发明内容Contents of the invention

鉴于现有技术中所存在的问题,本发明公开了基于多元数据爬取和整合的矿产资源数据建库系统,采用的技术方案是,包括In view of the problems existing in the prior art, the present invention discloses a mineral resource data database building system based on multivariate data crawling and integration, and the adopted technical solution includes

数据服务器,用于建立矿产资源数据建库;The data server is used to establish the database of mineral resource data;

中心服务器,用于从多元化关于矿产资源信息库中获取矿产资源信息;The central server is used to obtain mineral resource information from the diversified mineral resource information database;

数据爬取模块,用于对矿产资源信息库使用网络爬虫进行数据爬取;The data crawling module is used to crawl the mineral resource information database using a web crawler for data crawling;

预处理模块,用于对网络爬虫获取的数据进行初步筛选;The preprocessing module is used for preliminary screening of the data obtained by the web crawler;

处理模块,用于对预处理后的数据再进一步筛选,确保网络爬虫所获取的数据为用户所需的数据;The processing module is used to further screen the preprocessed data to ensure that the data obtained by the web crawler is the data required by the user;

分类模块,用于处理后的数据进行分类,以便对数据的储存;The classification module is used to classify the processed data so as to store the data;

储存模块,将处理、分类后的矿产资源数据储存至矿产资源数据建库系统中。The storage module stores the processed and classified mineral resource data in the mineral resource data database building system.

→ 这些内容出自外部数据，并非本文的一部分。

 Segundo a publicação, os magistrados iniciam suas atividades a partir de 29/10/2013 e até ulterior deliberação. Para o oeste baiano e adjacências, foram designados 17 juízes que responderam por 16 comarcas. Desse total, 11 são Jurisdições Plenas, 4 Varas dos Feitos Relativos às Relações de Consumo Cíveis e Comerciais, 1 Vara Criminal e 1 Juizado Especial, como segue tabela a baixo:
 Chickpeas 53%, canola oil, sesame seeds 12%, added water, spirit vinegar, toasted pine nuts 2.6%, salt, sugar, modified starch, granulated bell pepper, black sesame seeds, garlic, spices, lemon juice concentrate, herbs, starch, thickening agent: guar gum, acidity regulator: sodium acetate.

作为本发明的一种优选技术方案,所述预处理模块对传输来的数据处理包括以下步骤:As a preferred technical solution of the present invention, the processing of the transmitted data by the preprocessing module includes the following steps:

对数据爬取的网页信心与所输入检索的关键词进行对比;Contrast the webpage confidence of data crawling with the keywords entered for retrieval;

网页信息中的关键词数量小于预设阈值的放弃,对于关键词大于预设阈值的传输至处理模块中,通过预处理模块、处理模块,能够根据需求对网络爬虫所爬取的数据进行筛分,将部分无关信息进行筛分清理,得到所需求的数据。If the number of keywords in the webpage information is less than the preset threshold, it will be discarded, and if the keyword is greater than the preset threshold, it will be transmitted to the processing module. Through the preprocessing module and the processing module, the data crawled by the web crawler can be screened according to the requirements. , to screen and clean some irrelevant information to obtain the required data.

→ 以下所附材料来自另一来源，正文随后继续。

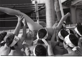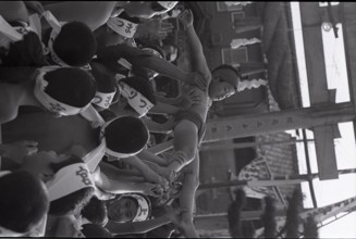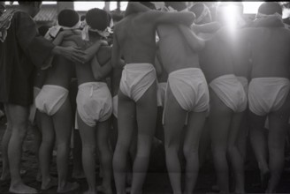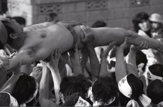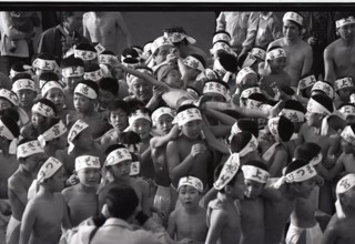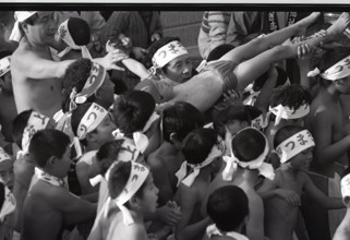 / 裸,褌,はちまき,人,胴上げ,ブロック壁,ふんどし,祭り,子供,帽子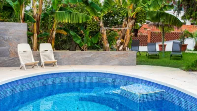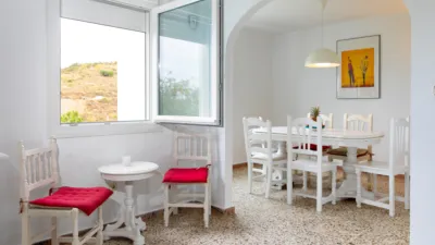 Delfines 13", villa 6 estancias 200 m² en 2 plantas, orientación oeste. Espacioso, con mobiliario funcional y agradable: salón con chimenea, tv y estufa eléctrica. Salida a la terraza. Comedor. 1 dorm. Con 2 camas (90 cm, 190 cm de longitud). Cocina (horno, lavavajillas, x placas de vitrocerámica, microondas, congelador) con pasa-platos. Baño/wc. En planta inferior: salón-dormitorio 20 m² con 2 camas (90 cm, 190 cm de longitud), 1 cama-nido (2 pers. 2 x 90 cm), chimenea, baño/wc y con bañera esquinera. Salida al jardín, a la piscina. 1 dorm. Con 1 cama de matrimonio (150 cm, 200 cm de longitud). 1 dorm. Con 1 cama (150 cm, 190 cm de longitud). 1 dorm. Con 2 camas (90 cm, 190 cm de longitud). Ducha/wc. Terraza 18 m², cubierta terraza 18 m², cubierta. Muebles de terraza, barbacoa, tumbonas (4). Vista parcial al mar y a las montañas. El alojamiento dispone de: lavadora, plancha, trona, cuna hasta 2 años, secador de pelo. Internet (wifi, gratis). Plaza de aparcamiento (3 coches). A tener en cuenta: adecuado para familias. Tv solamente es. El salón dormitorio con sofá-cama y tres camas no tiene puerta.

作为本发明的一种优选技术方案,所述处理模块对预处理后的数据信息处理包括以下步骤:As a preferred technical solution of the present invention, the processing module includes the following steps for processing the preprocessed data information:

对符合关键词的网页信息进行获取;Obtain web page information that matches keywords;

对获取的网页信息进行复核;Review the obtained web page information;

正确的网页信息发送至分类模块,不符合的网页信息删除。The correct web page information is sent to the classification module, and the unsuitable web page information is deleted.

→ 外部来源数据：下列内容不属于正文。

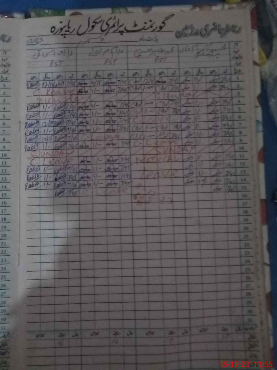| CNIC | Full Name | Designation | R/C | Absence During Last Calender Month |

作为本发明的一种优选技术方案,所述分类模块对处理后的数据进行分类,可按照文字、图片、参数、视频进行区分分类。As a preferred technical solution of the present invention, the classification module classifies the processed data, which can be classified according to text, picture, parameter and video.

基于多元数据爬取和整合的矿产资源数据建库方法,采用的技术方案是,包括以下步骤:The method for building a database of mineral resources data based on multivariate data crawling and integration adopts a technical solution that includes the following steps:

建立矿产资源数据建库;Establish a database of mineral resource data;

通过中心服务器获取多元化关于矿产资源信息;Obtain diversified information about mineral resources through the central server;

使用网络爬虫对信息库信息进行数据爬取;Use web crawlers to crawl data from information base;

对数据爬取的数据进行预处理;Preprocess the data crawled;

对预处理后的数据进行二次处理;Perform secondary processing on the preprocessed data;

将处理后的数据储存至矿产资源数据库中。Store the processed data in the mineral resource database.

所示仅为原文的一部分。